Overcoming the Data Glut
How to Increase the Reliability of Your IT Infrastructure Using Predictive Analytics REGISTER >
We deal with a lot of data daily--collecting it from a bevy of sources in thousands of formats; standardizing it all into a common format and cleaning it up as much as possible; updating databases and archives; and so on.
Not surprising for an information commerce business, but also not without its challenges.
When you move such massive volumes of data, you need a lot of bandwidth in both wide-area and local-area networks. And you need a lot of storage. That's where the challenges start.
We have demanding data-performance requirements, complex data life cycles and complex retention requirements, so many of the usual strategies don't work well for us.
When I started looking at the data management challenge a couple of years ago, we were in a race between the growth in the data volumes to be stored and the declining cost of storage at various performance levels.

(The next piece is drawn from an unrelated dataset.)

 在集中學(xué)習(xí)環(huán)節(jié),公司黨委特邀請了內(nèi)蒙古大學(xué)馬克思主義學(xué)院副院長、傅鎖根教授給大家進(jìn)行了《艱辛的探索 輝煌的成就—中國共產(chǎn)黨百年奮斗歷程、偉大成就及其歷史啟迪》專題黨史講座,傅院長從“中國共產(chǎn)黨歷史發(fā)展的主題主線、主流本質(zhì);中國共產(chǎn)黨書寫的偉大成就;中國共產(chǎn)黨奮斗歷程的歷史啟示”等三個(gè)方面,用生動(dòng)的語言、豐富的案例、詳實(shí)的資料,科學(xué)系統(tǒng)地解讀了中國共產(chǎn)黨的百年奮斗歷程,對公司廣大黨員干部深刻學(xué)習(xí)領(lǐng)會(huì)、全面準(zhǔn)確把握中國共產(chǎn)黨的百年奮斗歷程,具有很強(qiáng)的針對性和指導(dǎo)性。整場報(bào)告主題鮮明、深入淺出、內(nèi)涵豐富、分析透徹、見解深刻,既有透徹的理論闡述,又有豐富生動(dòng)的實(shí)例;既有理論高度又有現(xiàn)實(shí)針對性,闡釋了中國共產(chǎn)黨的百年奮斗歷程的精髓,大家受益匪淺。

It was clearly a race we were in danger of losing.
If we continued on the path we were taking, we'd spend our entire capital budget on storage within a few years. Something had to give.

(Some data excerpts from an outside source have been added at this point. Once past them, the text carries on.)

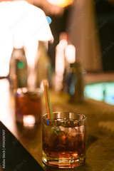 Colorful cocktail served with double straws on stylish hotel bar counter, perfect for vacation relaxation
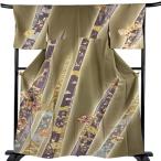 訪問着 身丈160.5cm 裄丈68.5cm L 袷 帝王紫 落款あり 扇面 松竹梅 刺繍 金糸 茶緑色 正絹 逸品 中古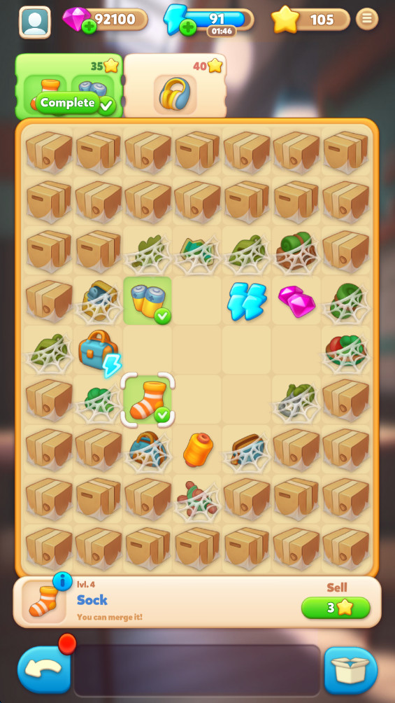 2、当你拖动两个相同的物品到一起时,们会合并成一个新的物品,继续寻找其他相同的物品进行合并,完成关卡的目标。

We looked for a strategy that would allow us to store and protect our data, but at a reasonable cost. We aren't done yet--we may never be "done"--but we've made progress. Here's what worked--and some issues yet to be resolved.
Limiting the data that sits on the highest performing and most expensive storage is essential, but it isn't easy. When you've been used to having fast access to your data, it's hard to learn to think ahead and schedule recall from lower performing storage systems for those few occasions when high performance matters. A combination of better definition of management classes and retention periods has helped, but the hardest part has been changing habits--and then keeping up the new storage management disciplines over time.
I was surprised at how much data gathering and analysis was required to get our new management and retention policies in place. And wasn't I ready for the amount of backsliding that occurs if we don't both automate the enforcement of those policies and regularly report on how well they are being followed.
But we are making progress--we will eliminate nearly 50 percent of our Tier-1 storage requirements this year and make significant progress on Tier 2 and Tier 3. These are critical gains. It will save us enough capital to invest in better tools and monitoring capabilities, things we now know we will need to succeed.
We've made less progress on the life cycle of the platforms. Every four years we have to replace the arrays; if we keep them longer, the drive failures rate increases dramatically.
Even if the drives did not fail, data movement speeds improve enough over a four-year period that I will want to swap out the storage array (which I can't usually upgrade) to take advantage of these faster speeds.
So a refresh every four years is going to take place. What we don't like is (a) how much data we have to move (our largest arrays hold over 400 TB) and (b) that at every refresh we have to repurchase the software that runs the arrays and the tools that manage them.
It's as if every time I replace a server I have to re-buy the OS license, rather than transfer it. We are no longer willing to do that, leading to some interesting conversations with our vendors.
By the end of 2009 we will be making some critical decisions about the direction our storage platforms will take for the next five years. It's going to be interesting.